Similarity Algorithms

Similarity algorithms

Similarity algorithms evaluate how alike nodes are at an individual level based on node properties, neighboring nodes, or relationship properties.

Product supported:

  • Node Similarity (Jaccard Index)

Labs implementations:

  • Cosine Similarity

  • Euclidean Similarity

  • Overlap Similarity

  • Pearson Similarity

  • Approximate Nearest Neighbors

Node Similarity algorithm

The Node Similarity algorithm computes similarities between pairs of nodes based on the Jaccard Similarity Score. Two nodes are considered similar if they share many of the same neighbors.
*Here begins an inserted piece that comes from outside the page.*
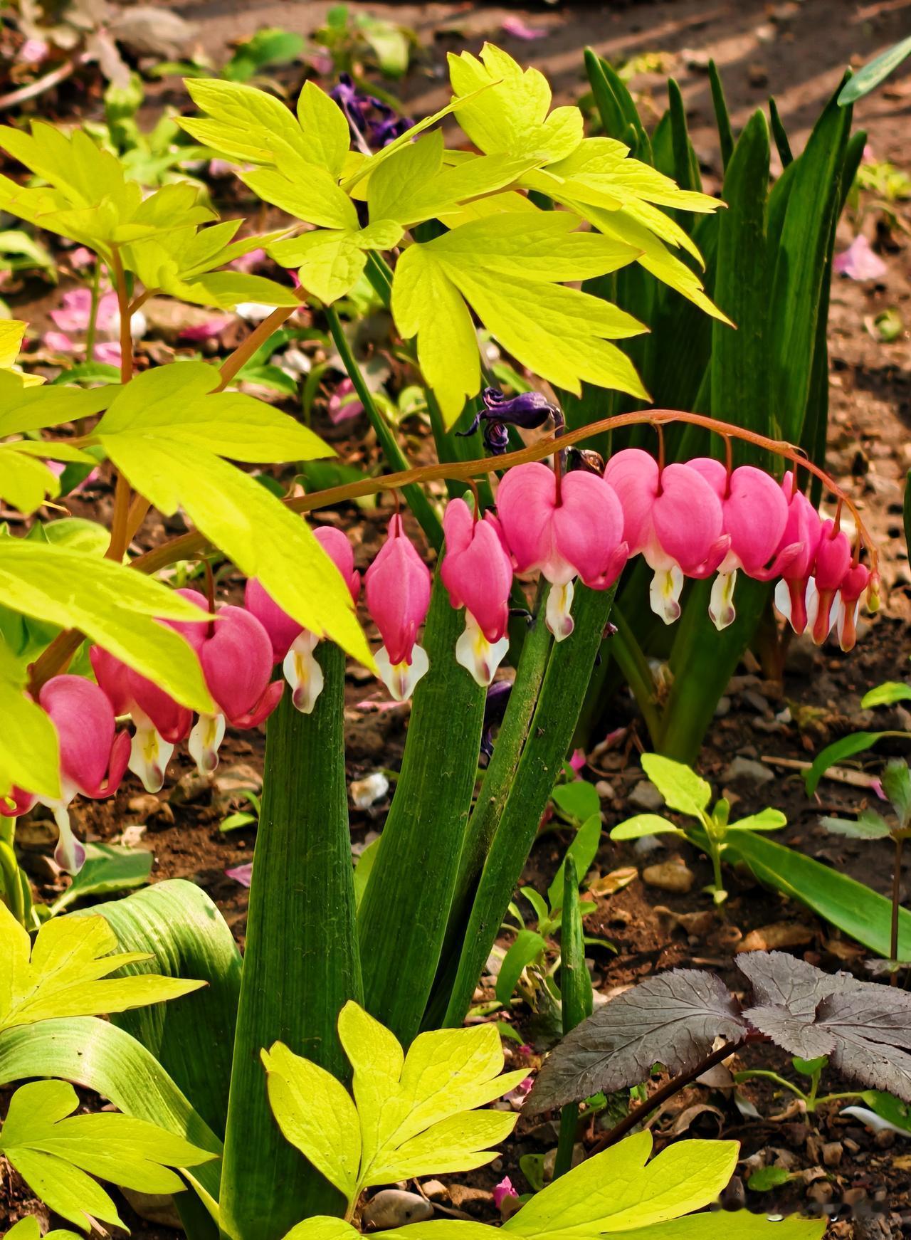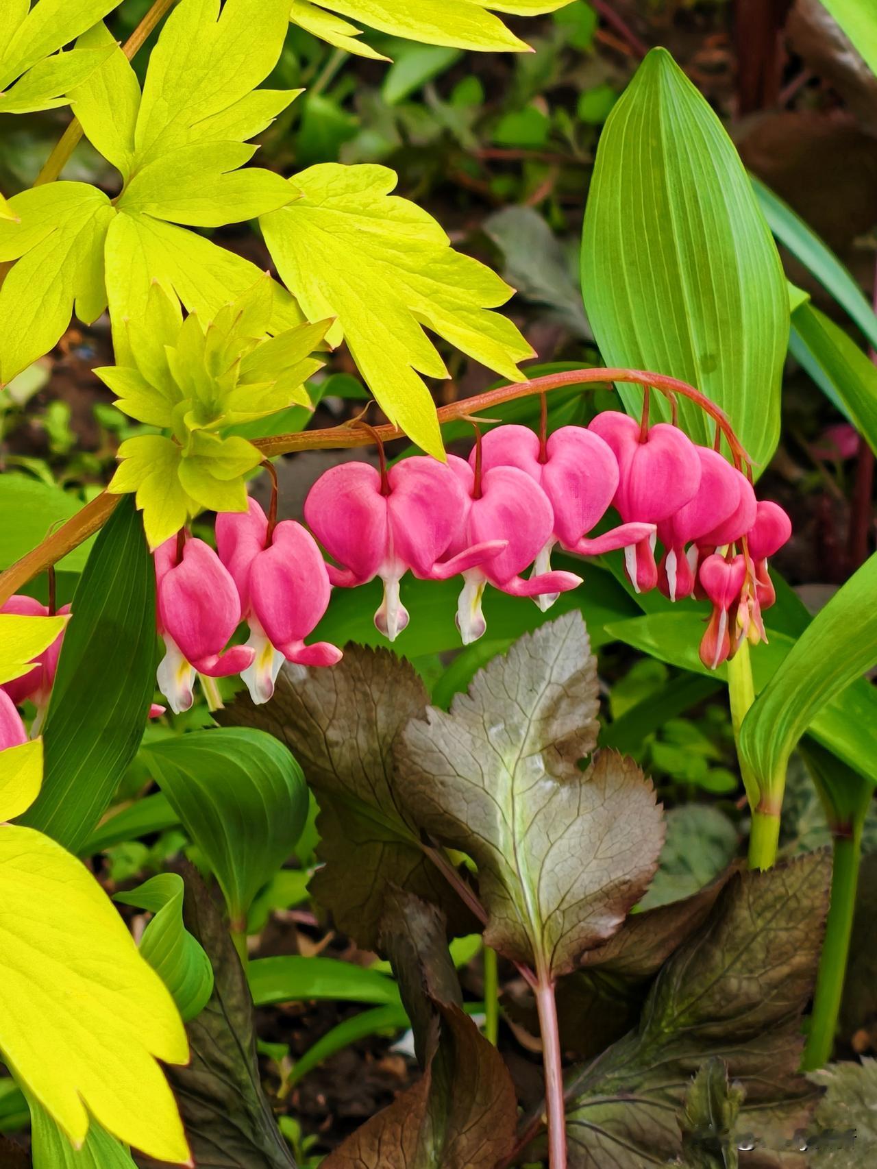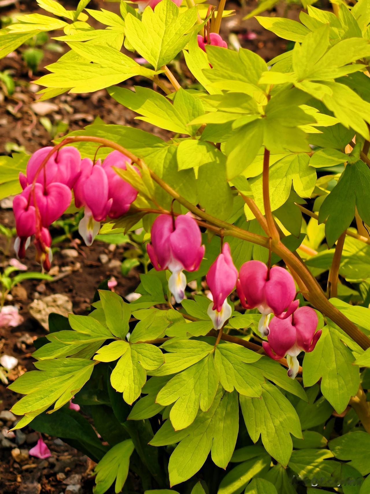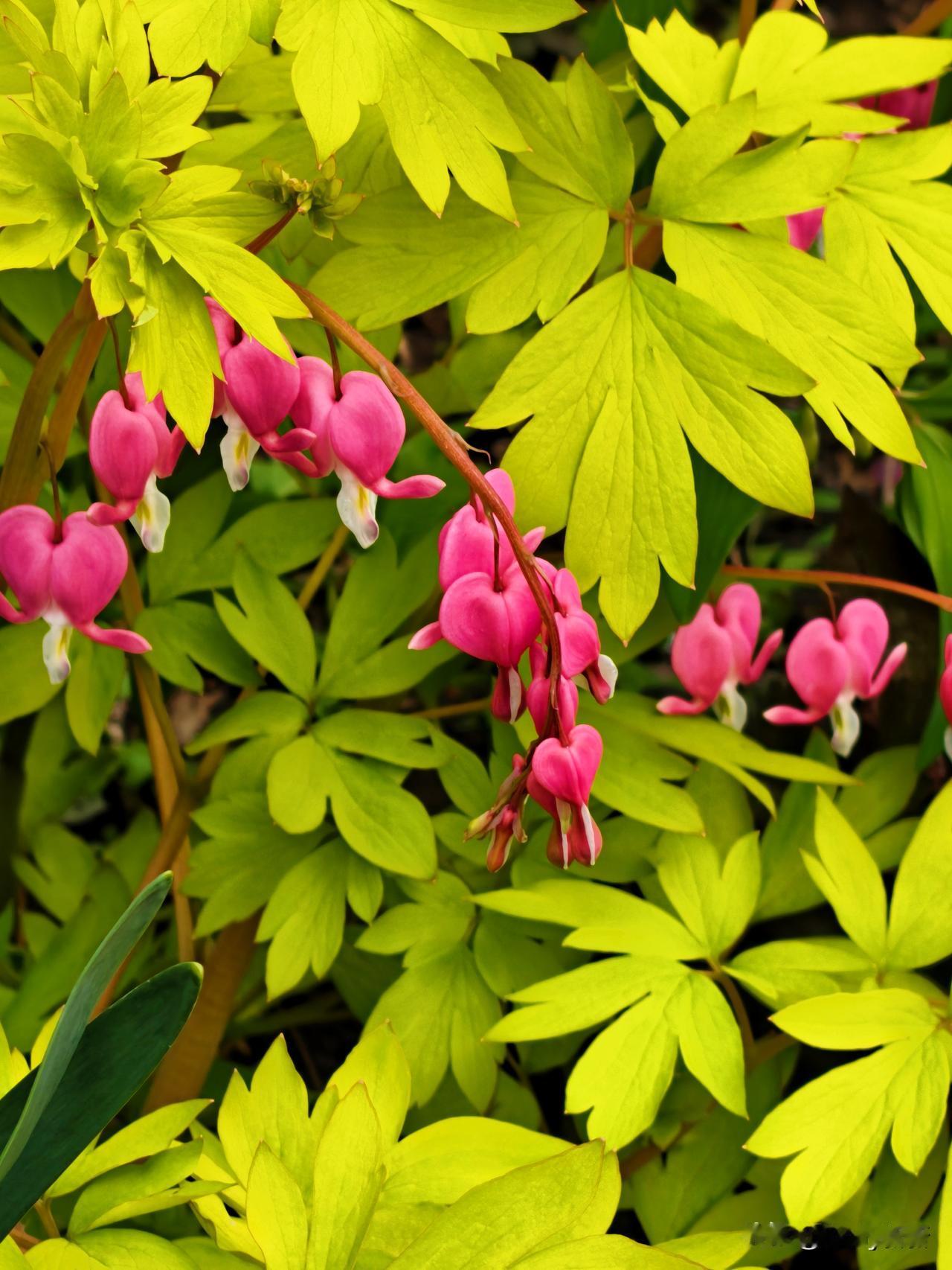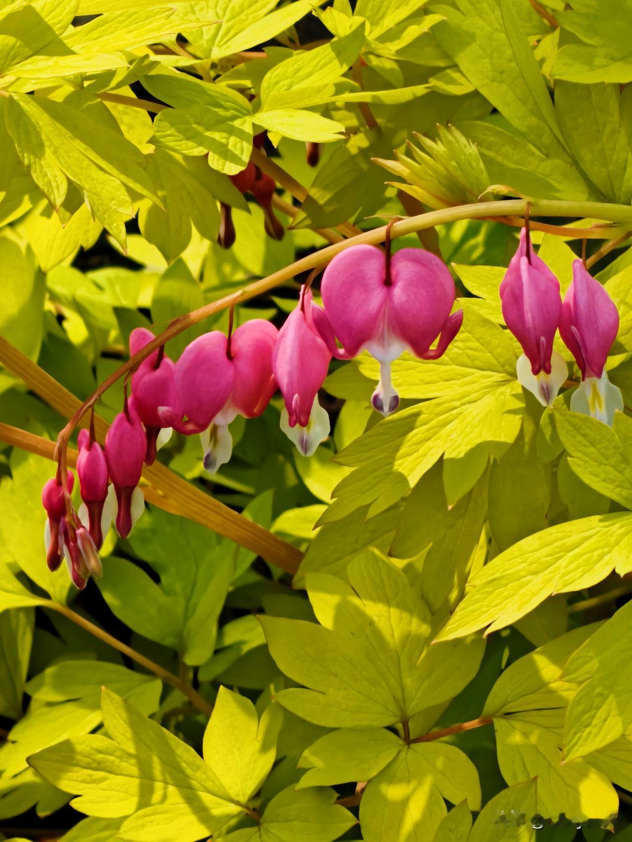 七绝·荷包牡丹 一串玲珑缀翠枝,芳心暗绾寄相思。 不与群芳争艳色,独悬心事待君知

The input of this algorithm is usually a bipartite graph containing two disjoint node sets. The Node Similarity algorithm compares all nodes from the first node set based on their relationships to nodes in the second set. The output of the algorithm is a unipartite network between nodes in the first node set. We can think of this process as translating indirect relationships to direct ones. Mathematically, Jaccard Similarity Score is defined as the size of the intersection divided by the size of the union of two sets.

Betweenness centrality

Example: Node Similarity

For example, if Basket A contains {Orange, Banana, Cherry} and Basket B contains {Orange, Banana, Apple, Kiwi} then the Jaccard algorithm counts 2 co-occurrences {Orange, Banana} and divides that count by the number of items in A and B (while not double-counting items), in this case 5 {Orange, Banana, Apple, Cherry, Kiwi}. The resulting Jaccard Similarity Coefficient is 2/5 which is 0.4. A coefficient of 1 indicates that the compared sets are identical.

NodeSimilarity

Why use Node Similarity?

Here is why you use Node Similarity:

  • Find recommendations of similar items

  • First step of analyzing a bipartite network

  • Part of link prediction analysis

Guided Exercise: Getting Started with Node Similarity algorithm

Follow along with this video to become familiar with Jaccard Similarity in Neo4j NEuler.

Exercise: Node Similarity

  1. In NEuler:

    1. Try various algorithm configurations for the Questions dataset.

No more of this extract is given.